MD5 produces a 128 bit result so you’d have to take at each possible 128 value, hash it, and compare the input to the output. Assuming a single computer doing 1000 checks/second, it would approx 10.8e28 years to find all possible collisions.

**Mangetout**: You’ve just given the naïve ‘solution’ to the Halting Problem (to wit: run it and see what happens). Turing is laughing up his sleeve at you.

**Shalmanese**: Perfect hash functions (a mathematical abstraction real hash functions attempt to emulate) are allowed to have fixed points, as I understand it, and knowing about them tells you no more about the function than knowing any other arbitrary input-output pair. The magic of a perfect hash function is that every input from the arbitrary-sized domain always has the same output within the fixed range, but given an output value it’s still impossible to calculate any input values that map to it. Caching arbitrary numbers of input-output pairs is not even helpful when the input value you desire isn’t already in your cache. Needless to say we still haven’t produced such a beast, but we can use the abstraction to prove weaknesses in other parts of the system ("Even if the hash function were perfect, it still breaks… "). Finding an easy way to answer this for real hash functions would involve breaking those functions, because otherwise the search (as per **Mangetout**) may never end.

If you’re Googling, use the phrase “fixed point” rather than identity (as **Derleth** alluded to).

The brute-force search will halt eventually, assuming you’re methodical about it. The longest possible cycle is 2[sup]128[/sup]. If there are any MD5 cycles, they’re all limited to that — and, there can only be a finite number of them in total.

Still, I don’t think I’ll wait around for the brute-force search to finish. Or even make much of a start.

Likewise, you can brute-force the halting problem, for a computer only slightly smaller than the one you’re using. You just can’t use a computer to solve its *own* halting problem.

In case it wasn’t apparent, I wasn’t proposing a brute force search as any kind of efficient answer to the OP’s question - merely a thought experiment.

I think I’m right in saying that all possible cycles cannot add to more than 2[sup]128[/sup] steps either - or some of them would intersect (and would therefore be part of the same cycle)

Note that there is also a ‘fixed point attack’ on hash functions, which doesn’t apply here:

It’s a break in the function, but it isn’t what you’re looking for here.

**Mangetout**: OK, you’re right.
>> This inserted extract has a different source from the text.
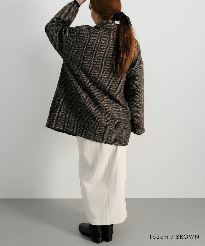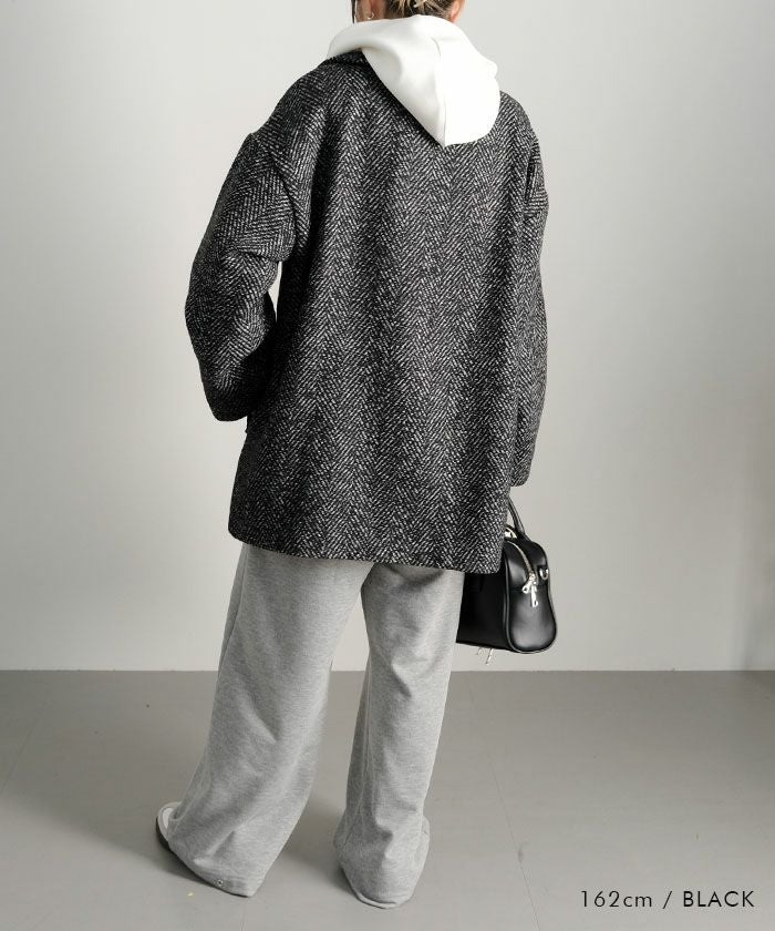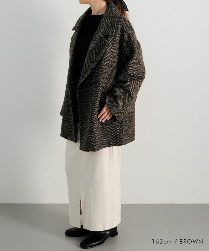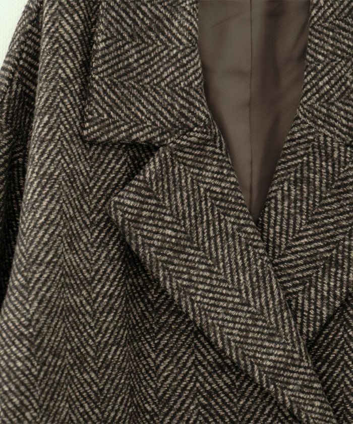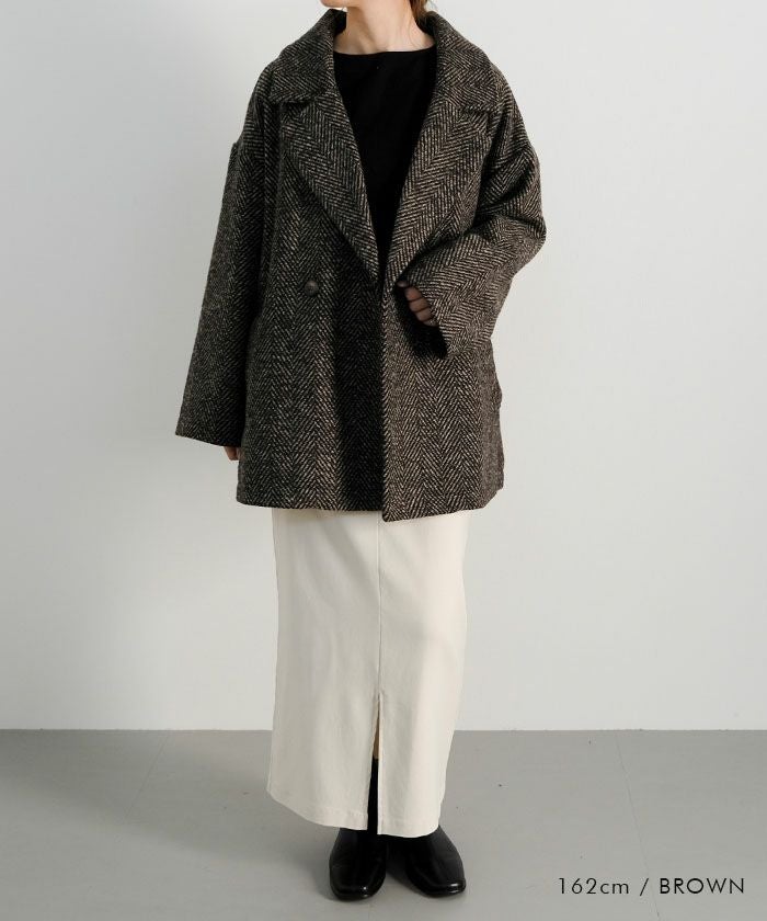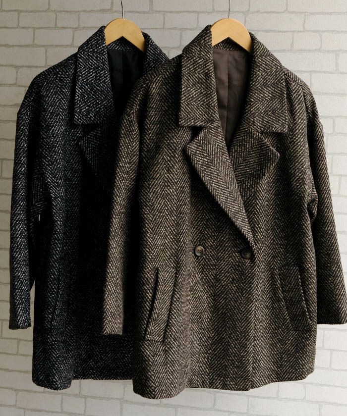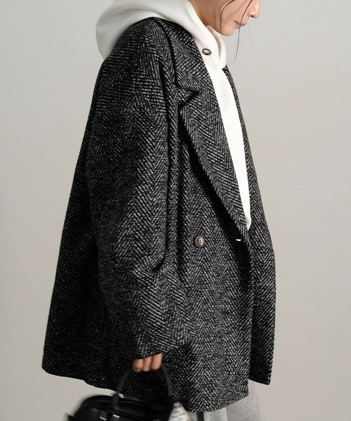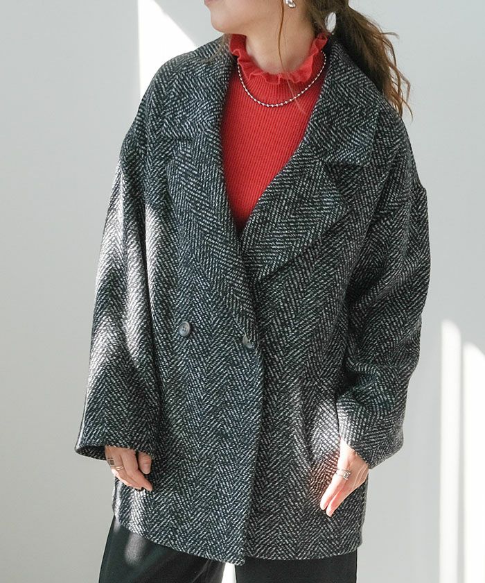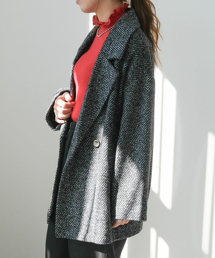 上品なムードを漂わせるヘリンボーン柄のダブルテーラードジャケット。

In my defense, though, you did say ‘practical’. I don’t think waiting around for the generation of all possible 128-bit numbers is practical given the current methods of designing computer hardware.

Sure - no problem - I was thinking about how to do it. I wasn’t thinking of doing it though.

Since the range is finite, everything must eventually get stuck in a loop.

That loop might be kind of large.

Can’t help wondering if there would be any kind of pattern to the distribution and layout of the loops…

I’ve been thinking about this. Picture a bunch of rooted trees in the graph theoretical sense where all the edge are directed toward the root. The trees can come in all shapes and sizes. Now attach each root node to a directed cycle. There are a bunch of these cycles in many lengths to choose from.

Your hash is one such picture like this, but I’m not sure which one, and I don’t expect any additional structure than what I’ve given to be apparent, but I’m willing to be wrong about that.